> PROBLEM TO SOLVE
All of the data that follows is to be printed exactly, without pictures.

> DATA LISTING
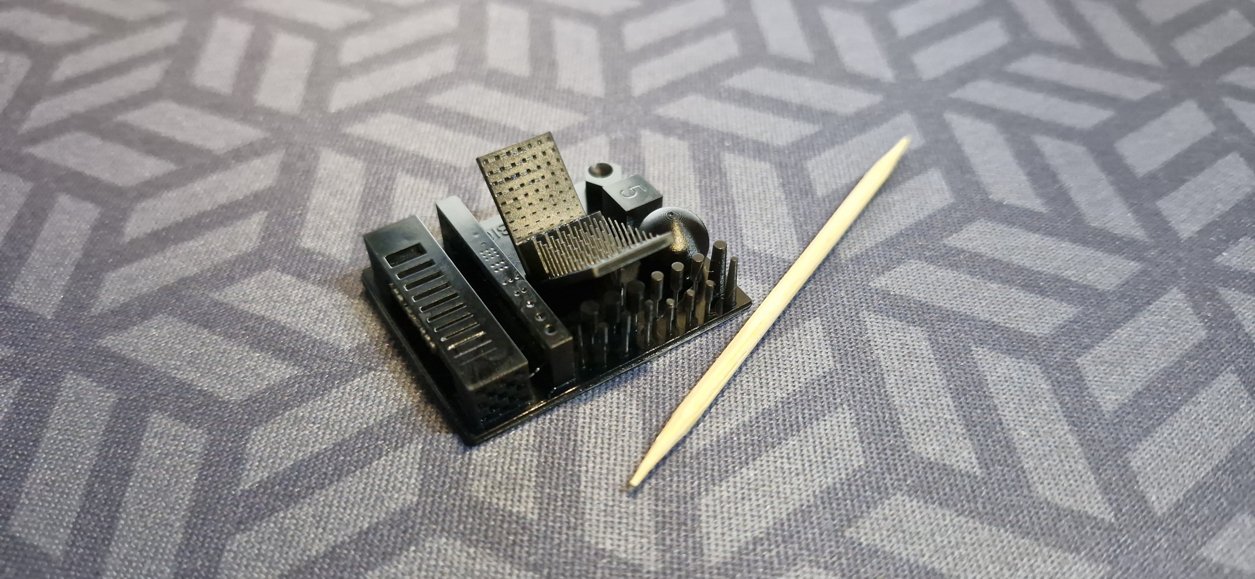 Наконец приехал мой фотон моно, сделал первый отпечаток. Даже на дефолтных настройках все довольно хорошо отпечаталось, порадовало. Cушил под ультрафиолетовой лампой для ногтей с алика, на каждую сторону минут по 15, но отпечатки всё равно слегка липкие. Это я плохо в спирте промыл их?
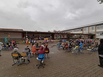 in der letzten Schulwoche vor den Herbstferien haben wir einen Erntedankgottesdienst veranstaltet. Pfarrer Pfautsch, Frau Hilse, Frau Kurz und Frau Rosenberg gestalteten eine wunderschöne Feier. Wir saßen mit Mundschutz klassenweise unter freiem Himmel und die Kinder folgten leise und ganz aufmerksam dem Gottesdienst! Es war eine besondere Veranstaltung. Uns allen fehlte der Austausch untereinander und der Mitmach- Teil, der die Erntedankfeiern normalerweise bereichert- aber dieses Jahr sind Schulfeiern eben nicht wie sonst. Einige Kinder lasen Fürbitten und andere brachten Gaben. Vielen Dank allen Eltern, die es ermöglichten, die Wörther Tafel zu unterstützen und den Tisch von Familien zu decken, die wenig haben.
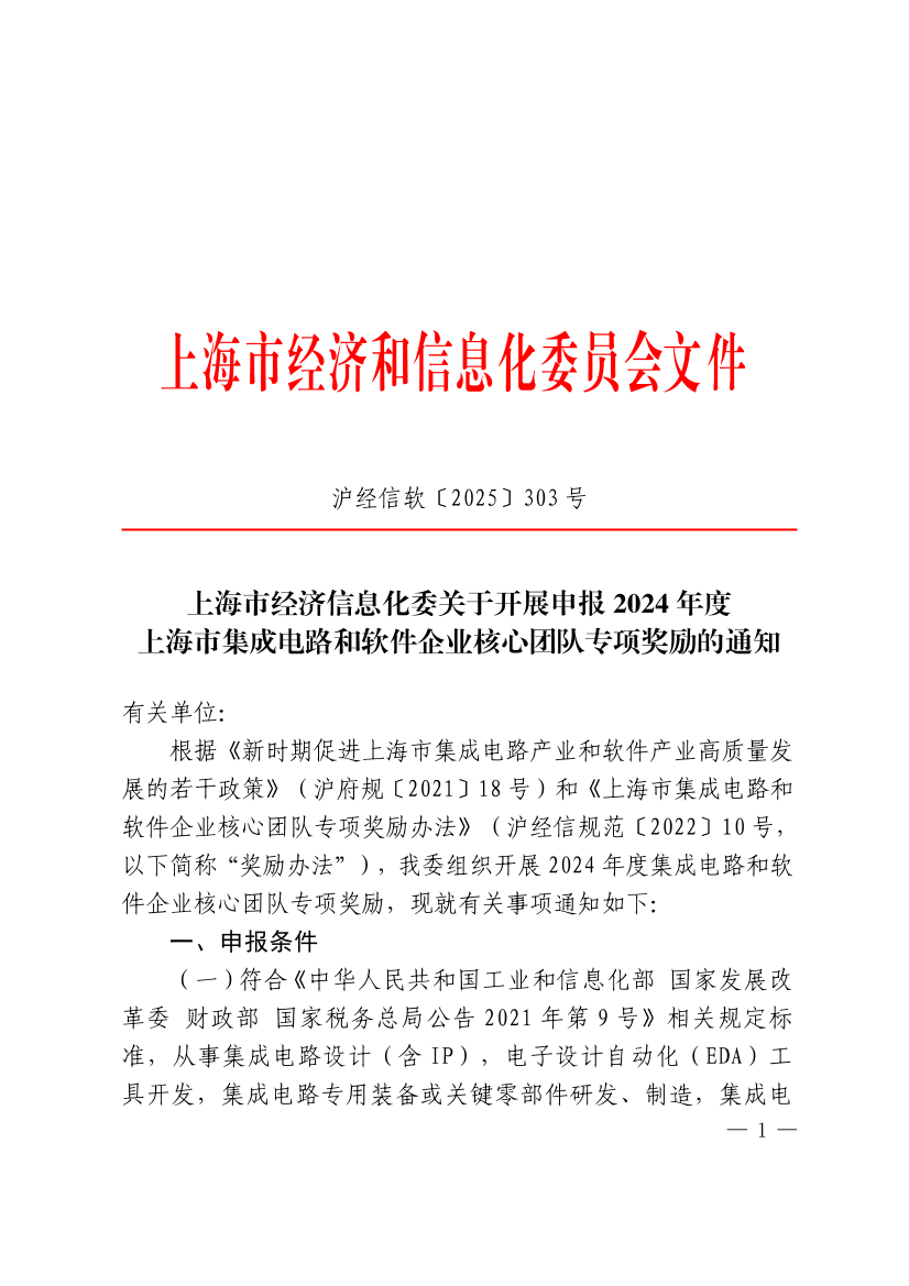 根据《新时期促进上海市集成电路产业和软件产业高质量发展的若干政策》(沪府规〔2021〕18号)和《上海市集成电路和软件企业核心团队专项奖励办法》(沪经信规范〔2022〕10号,以下简称“奖励办法”),我委组织开展2024年度集成电路和软件企业核心团队专项奖励,现就有关事项通知如下:
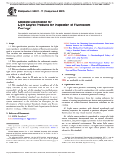 ASTM E2501-11(2022), Standard Specification for Light Source Products for Inspection of Fluorescent Coatings, establishes critical requirements for light sources used in the inspection of industrial coatings incorporating fluorescent materials. Developed by ASTM International, this standard ensures that these light source products are suitable for the excitation of fluorescent coatings, facilitating the detection of surface defects and irregularities in protective coatings used across various industries. It specifies essential parameters related to radiometric performance, safety, and proper testing to guarantee effective and safe use in industrial environments.
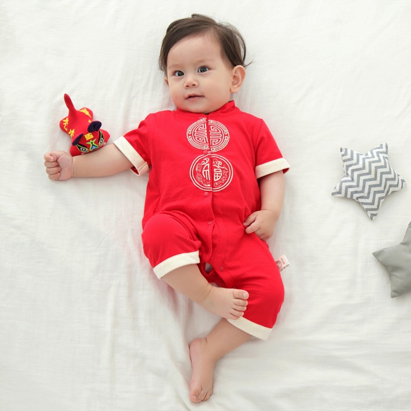 | nameOriginal | Yellow jacket baby dragon boat festival 100 days summer Tang suit catch week dress 100 days full moon suit class a cotton conjoined span |
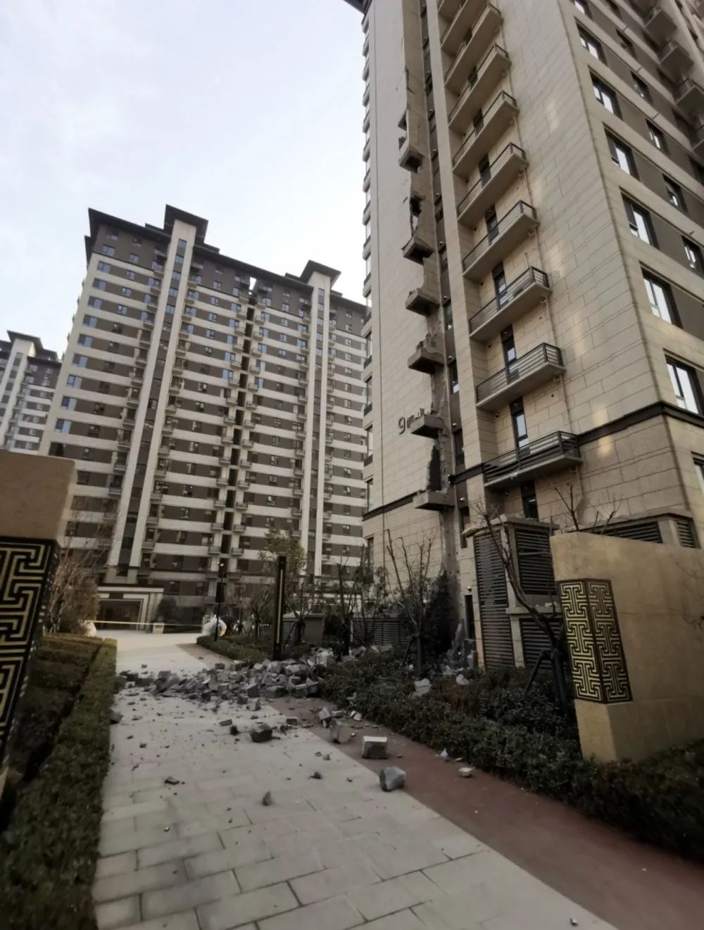 记者在现场看到,坍塌部分涉及一层到九层,大石块散落一地。一些业主表示,这些精装房问题不少,包括阳台梁开裂、入户门有裂缝、地板空鼓、过门石开裂等。

> SOLUTION FOR THIS EXERCISE
 Наконец приехал мой фотон моно, сделал первый отпечаток. Даже на дефолтных настройках все довольно хорошо отпечаталось, порадовало. Cушил под ультрафиолетовой лампой для ногтей с алика, на каждую сторону минут по 15, но отпечатки всё равно слегка липкие. Это я плохо в спирте промыл их?
 in der letzten Schulwoche vor den Herbstferien haben wir einen Erntedankgottesdienst veranstaltet. Pfarrer Pfautsch, Frau Hilse, Frau Kurz und Frau Rosenberg gestalteten eine wunderschöne Feier. Wir saßen mit Mundschutz klassenweise unter freiem Himmel und die Kinder folgten leise und ganz aufmerksam dem Gottesdienst! Es war eine besondere Veranstaltung. Uns allen fehlte der Austausch untereinander und der Mitmach- Teil, der die Erntedankfeiern normalerweise bereichert- aber dieses Jahr sind Schulfeiern eben nicht wie sonst. Einige Kinder lasen Fürbitten und andere brachten Gaben. Vielen Dank allen Eltern, die es ermöglichten, die Wörther Tafel zu unterstützen und den Tisch von Familien zu decken, die wenig haben.
 根据《新时期促进上海市集成电路产业和软件产业高质量发展的若干政策》(沪府规〔2021〕18号)和《上海市集成电路和软件企业核心团队专项奖励办法》(沪经信规范〔2022〕10号,以下简称“奖励办法”),我委组织开展2024年度集成电路和软件企业核心团队专项奖励,现就有关事项通知如下:
 ASTM E2501-11(2022), Standard Specification for Light Source Products for Inspection of Fluorescent Coatings, establishes critical requirements for light sources used in the inspection of industrial coatings incorporating fluorescent materials. Developed by ASTM International, this standard ensures that these light source products are suitable for the excitation of fluorescent coatings, facilitating the detection of surface defects and irregularities in protective coatings used across various industries. It specifies essential parameters related to radiometric performance, safety, and proper testing to guarantee effective and safe use in industrial environments.
 | nameOriginal | Yellow jacket baby dragon boat festival 100 days summer Tang suit catch week dress 100 days full moon suit class a cotton conjoined span |
 记者在现场看到,坍塌部分涉及一层到九层,大石块散落一地。一些业主表示,这些精装房问题不少,包括阳台梁开裂、入户门有裂缝、地板空鼓、过门石开裂等。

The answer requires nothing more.